Still Holding Out Hope for Marines Missing in Hawaii
By Debbie Gregory.
Search and rescue crews are still holding out last hopes for finding the twelve Marines missing in Hawaii since late Thursday night, when their Super Stallion helicopters failed to return to base.
Searchers have found life rafts and other debris that were carried aboard the aircraft, but still have had no sign of the crew members who were on board. The debris was found on the North Shore of Oahu, where the two helicopters were involved in a midair collision during a nighttime training mission.
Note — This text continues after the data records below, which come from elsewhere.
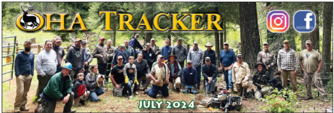
Many hands made light work at OHA's Southwest Cascades Meadow Protection Regional Project in the Rogue Unit on June 15 and 16.
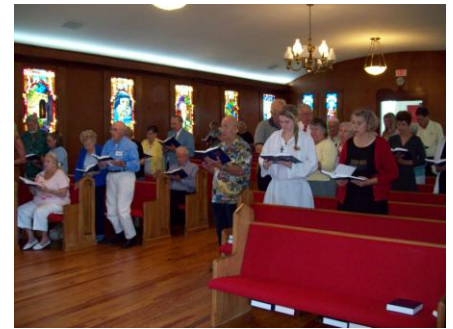
The 42 members present close the service with the final hymn, Sweet Hour of Prayer .
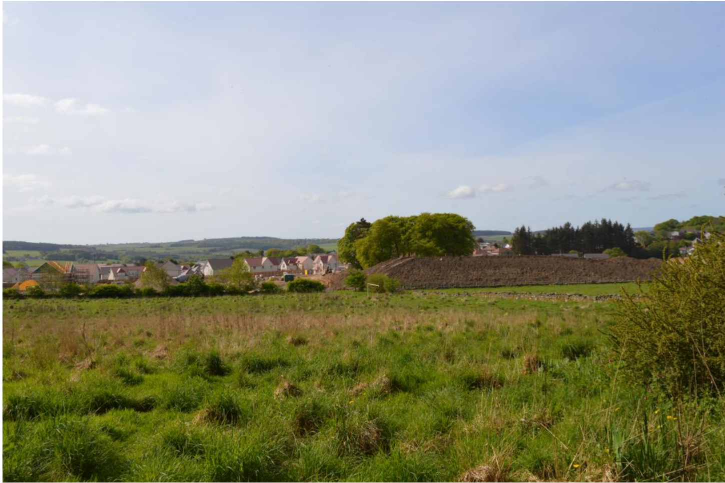
View looking south across the site
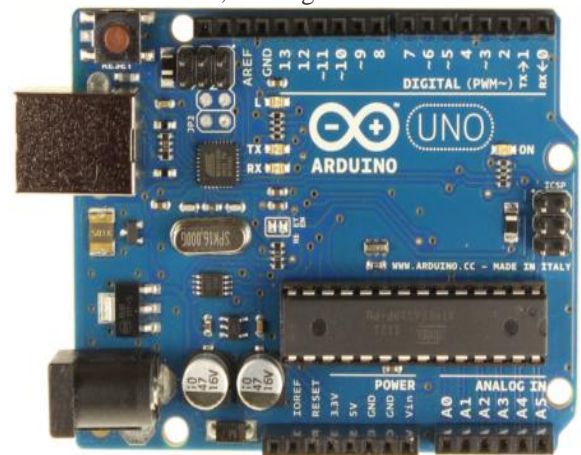
Fig. 3.ARDUINO UNO

The Uno differs from all preceding boards in that it does not use the FTDI USB-to-serial driver chip. Instead, it features the Atmega8U2 programmed as a USB-to-serial converter. "Uno" means one in Italian and is named to mark the upcoming release of Arduino 1.0. The Uno and version 1.0 will be the reference versions of Arduino, moving forward.
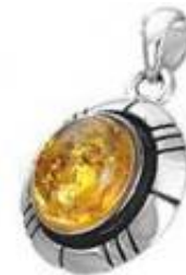
Silver sterling pendant amber stone Ref 315
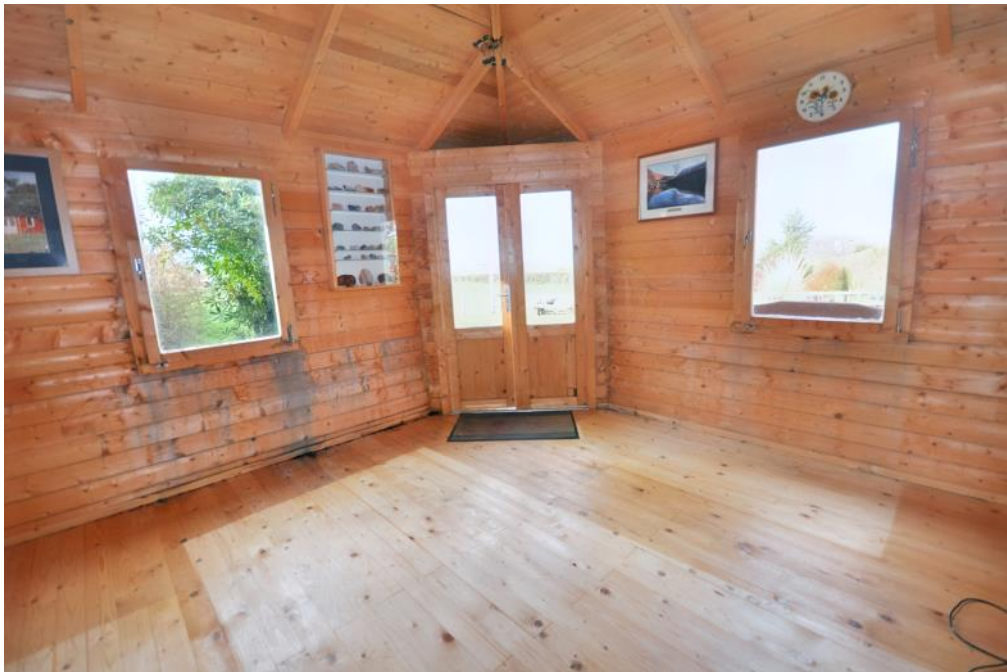
Summer House Interi-

So far, the search has spanned more than 18,000 square miles, with a Navy warship, a Coast Guard cutter, several helicopters, jet ski teams, sonar, and dozens of Marines along the shoreline all scouring the surf for signs of life. The first two days of the search were hampered by 30 foot waves from a storm off the coast of Hawaii. By Sunday, the weather had calmed, allowing search efforts to continue at full speed.
Still a search for survivors, Chief Petty Officer Sara Mooers said on Monday, “We err on the side of caution because the last thing that anybody wants is to suspend the search when there’s still a possibility of finding somebody.” She added that survival was possible under a “best-case” scenario.
According to the Marines, crews wear personal flotation devices and receive training in survival swimming.
We join the rest of the country in sending out thoughts and prayers for the twelve crew members, who come from Oregon to Massachusetts and range in rank from lance corporal to major, and their families.